Poet and essayist Melissa Broder grew up in Bryn Mawr, Pennsylvania, near Philadelphia. She earned a BA at Tufts University and an MFA at the City College of New York.

In her lush, wryly vulnerable poems, Broder embraces the darkness of daily life. Explaining her writing process—Broder prefers to compose while in transit—in a 2012 conversation with Peter Moysaenko for BOMB, Broder states, “I’m a perfectionist. A nice desk in a pretty room doesn’t work for me, because the expectation that IT’S TIME TO MAKE ART is too high. I have to outwit myself and act casual—to approach with a sense of play. That doesn’t mean I never get “serious.” It’s just a question of outrunning the shit-talker within. There’s something about writing on the subway, or while walking, that frees the subconscious. It’s sort of a rebellion thing, like, I’m not really supposed to be doing this here now.” In that BOMB profile, Moysaenko describes Meat Heart, Broder’s second collection, as “a sleek machine hauling gnarly cargo—persons, places, things, things, things. … Because Melissa’s projections—more pop personist than personal—lay forth, and are laid upon, a sense of spirit contingent on body, we get more than love songs. We get skewed prayers. We get banquets. Transfigurations and showdowns, tough ghosts and fake heavens, escapades through culture-struck waking dreams and flaming cities of memory.”

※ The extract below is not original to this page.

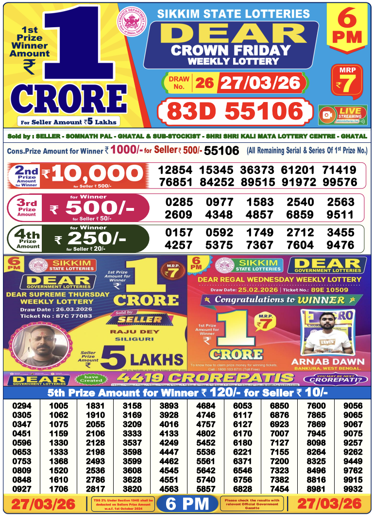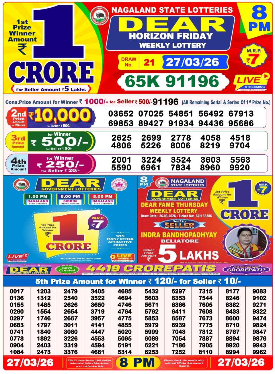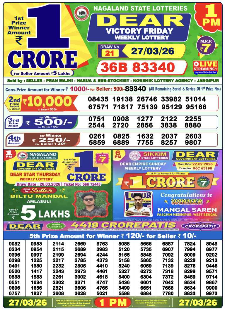 Lottery Sambad 27.3.2026 Result Today 1 PM, 6 PM, 8 PM Nagaland State Lottery LIVE

Broder is the author of several poetry collections, including When You Say One Thing but Mean Your Mother (2010), Scarecrone (2014), and Last Sext (2016), and the essay collection So Sad Today (2016), based on her posts on Twitter. “Emily Dickinson would have been great at Twitter,” Broder states in a conversation with Bryn Lovitt for a 2016 Vanity Fair profile, noting the 140-character economy of the form.

Broder has served as director of media and special projects at NewHive, a publicist for Penguin, editor in chief for La Petite Zine, and organizer of the Polestar Poetry Series. She lives in Venice, California.